Modifiers are not applicable to ICD-10 codes.

Medical necessity for treatment is established through documentation supporting the diagnosis of hemiplegia and hemiparesis resulting from previous intracranial hemorrhage.This includes evidence of functional impairment and the need for ongoing medical management, rehabilitation, or other therapies to improve the patient's functional status and quality of life.The documentation should justify the intensity and duration of rehabilitation and the medical necessity of the services provided.

The clinical responsibility for this diagnosis depends on the specific specialties involved in the patient's care.Neurologists, physiatrists, and other specialists may be involved in diagnosis, treatment, and management of hemiplegia and hemiparesis resulting from nontraumatic intracranial hemorrhage.

IMPORTANT:Related codes within the I69 category may be necessary depending on the specific clinical context and other relevant diagnoses.Consider using additional codes to specify associated conditions like alcohol abuse, tobacco use, or hypertension.

In simple words: This code describes weakness or paralysis on one side of the body that's a long-term effect of bleeding inside the skull that wasn't caused by an injury.It's used when the weakness or paralysis is long-lasting and the exact cause isn't specified, or when there is weakness or paralysis without a clear indication of the cause.

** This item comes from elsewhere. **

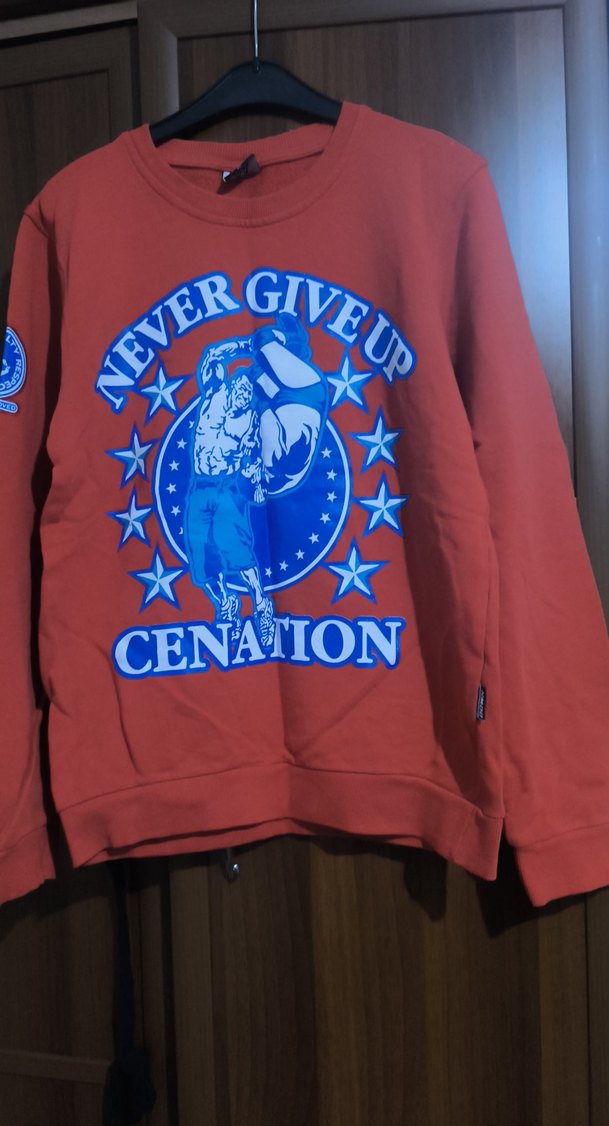 Kırmızı erkek çocuk sweatshirt, uzun kollu ve yuvarlak yakalıdır. Renkli baskısı "NEVER GIVE UP CENATION" yazısını taşır ve cırt cırtlı detay içerir. Yumuşak ve sıcak kumaştan yapılmıştır.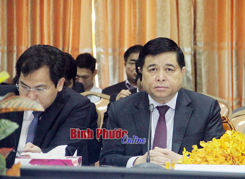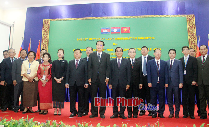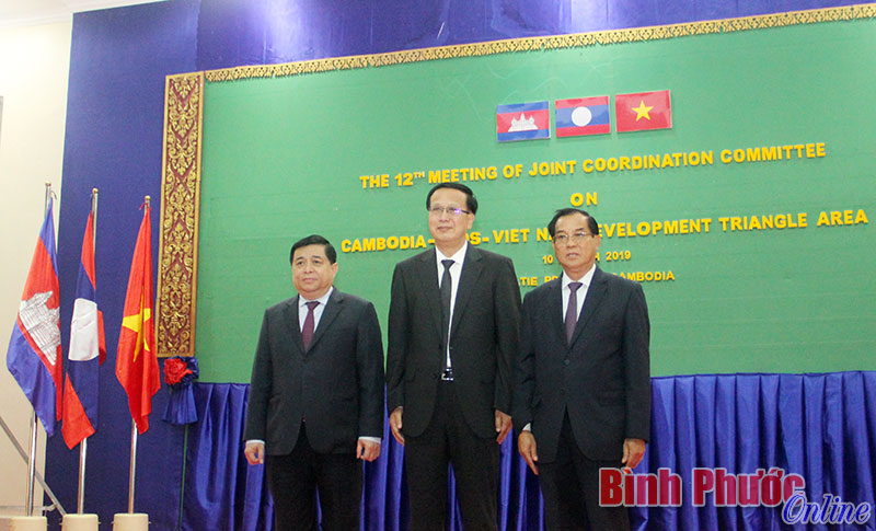 Trước khi bắt đầu hội nghị, bộ trưởng 3 nước đã chụp hình kỷ niệm thắt chặt tình quan hệ hữu nghị. Từ trái qua phải: Bộ trưởng Bộ Kế hoạch - Đầu tư Việt Nam Nguyễn Chí Dũng, Bộ trưởng cao cấp Bộ Thương mại Campuchia Pan Sorasak, Bộ trưởng Bộ Kế hoạch - Đầu tư Lào Suphăn Keomixay

This code classifies hemiplegia (complete or incomplete paralysis of one side of the body) and hemiparesis (weakness on one side of the body) as sequelae (lasting effects) of nontraumatic intracranial hemorrhage (bleeding within the skull).It's used when the hemorrhage wasn't caused by trauma and other specified sequelae are not applicable.The code should be used only when hemiplegia or hemiparesis is reported without further specification or is described as old or longstanding, but the cause is unspecified. Multiple coding may be used to identify these types of hemiplegia resulting from any cause.

Example 1: A 70-year-old patient presents with persistent right-sided weakness and paralysis (hemiplegia) six months after an episode of nontraumatic intracranial hemorrhage.The patient has received rehabilitation therapy and continues to experience significant functional limitations. I69.25 is used to code the sequelae of the hemorrhage., A 65-year-old patient experiences a spontaneous intracranial hemorrhage resulting in left-sided hemiparesis.After several weeks of inpatient rehabilitation, the patient's symptoms improve but significant residual weakness remains, necessitating ongoing outpatient physical therapy. I69.25 is used to code the ongoing weakness., A 55-year-old patient is diagnosed with long-standing hemiplegia of unknown etiology.Extensive diagnostic testing, including neuroimaging, fails to pinpoint the cause of the paralysis, however, the patient's symptoms align with this diagnosis. I69.25 is used to code the longstanding condition.

Detailed medical records should include documentation of the initial intracranial hemorrhage, including imaging studies (CT scan, MRI) confirming the hemorrhage.Neurological examination findings documenting the presence and extent of hemiplegia or hemiparesis, including strength and motor function assessments, are required.Progress notes indicating the duration of symptoms and the patient's functional status should be included.

** This code is for the sequelae of nontraumatic intracranial hemorrhage.If the hemorrhage was caused by trauma, a different code should be used.The code should not be used in situations where there is a clear diagnosis of another underlying condition causing the hemiplegia or hemiparesis.